Fui pesquisadora acadêmica durante a maior parte da minha vida. Comecei como
estudante de graduação com minha primeira bolsa de estudos, avancei na pós-
graduação em Ciências Biomédicas para obter meu Mestrado e Doutorado trabalhando
no metabolismo do colesterol e segui em frente, em meados dos anos 80, para tentar a
sorte em um laboratório recentemente iniciado na emergente área de Imunogenética e
Imunologia de Transplantes. Vale destacar que eu, anteriormente nunca tinha
aprendido nada sobre Imunologia, mas o Prof. Jorge Kalil me acolheu e me deu uma
chance única na vida de me tornar uma pesquisadora produtiva. Ao longo dos anos
trabalhando no Laboratório de Imunologia de Transplantes, no Instituto do Coração,
adquiri responsabilidades como líder de equipe (Imunogenética), líder técnica (Biologia
Molecular) e até mesmo como gerente de compras e armazenamento de produtos
descartáveis de laboratório.
Em 2002, devido, em parte, à completa ausência de uma possível carreira acadêmica,
um problema comum em organizações brasileiras, deixei o Instituto do Coração para
me juntar à equipe que se propunha a introduzir o transplante de ilhotas pancreáticas.

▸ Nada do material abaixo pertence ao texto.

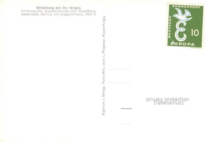 Oy-Mittelberg mit Hochplatte Branderschrofen Hoh Straussberg Geierkoepfe Saeuling und Zugspitzmassiv Oy-Mittelberg postalisch nicht gelaufen 1921-1965 Erhaltung siehe scans [WerneD78] WernPID7
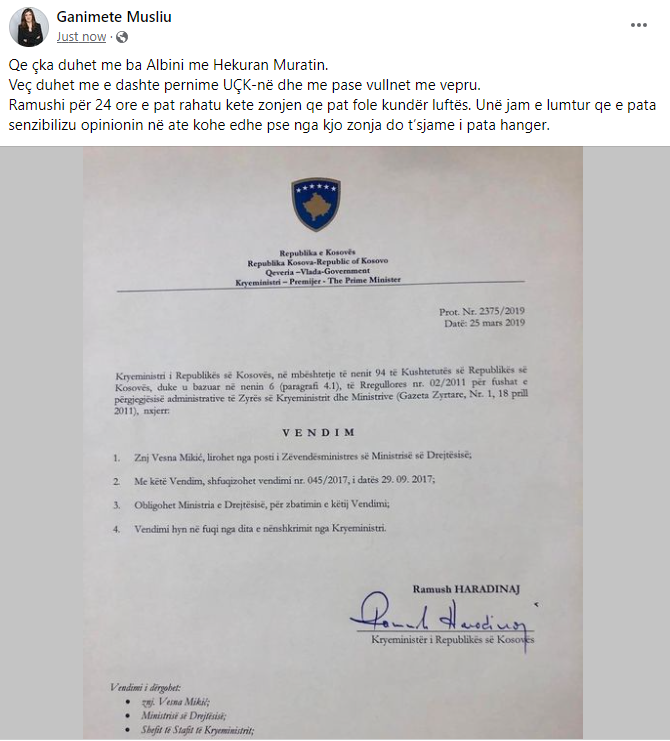 Deputetja e PDK-së, Ganimete Musliu, ka shkruar në Facebook se nëse kryeministri, Albin Kurti dhe ministri Hekuran Murati, njëmend e duan UÇK-në, ky i fundit tashmë do të ishte i shkarkuar.
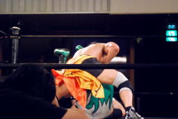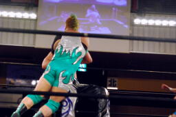 入江ブラックホールスラム、カウント2。肩に担ぐ、高梨着地してスクールボーイ(左写真)、起き上がったところにドロップキック、HARASHIMAにタッチ。
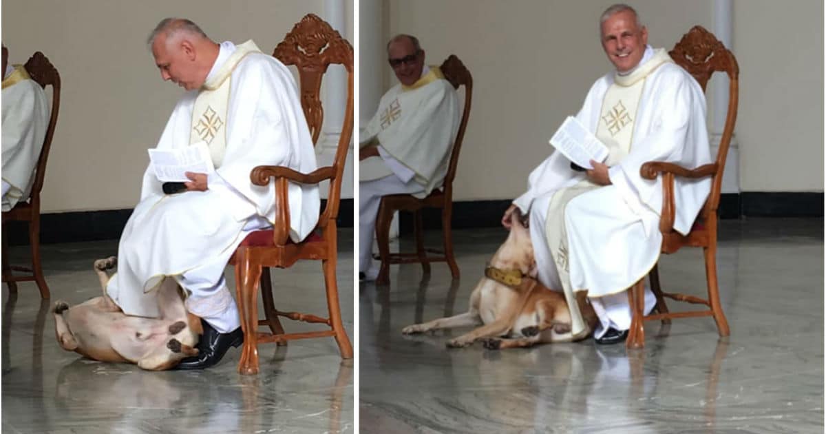 Dog ‘Crashes’ Church Service, and The Priest Ultimately Steals the Show

Foi uma aventura científica de nove anos repleta de dificuldades que me proporcionou
conhecimentos valiosos sobre a conduta responsável e as boas práticas em pesquisa
clínica e translacional. Também comecei a conduzir estudos em uma área, na época
promissora, de pesquisa com células-tronco mesenquimais. Em 2008, com um beco
sem saída no horizonte, pois o ambicioso programa de transplante de ilhotas ia ser
interrompido e sabendo que meu contrato temporário como professora visitante não
poderia ser renovado de acordo com as regras vigentes, recebi um convite para me
mudar para outra instituição, desta vez, um hospital privado.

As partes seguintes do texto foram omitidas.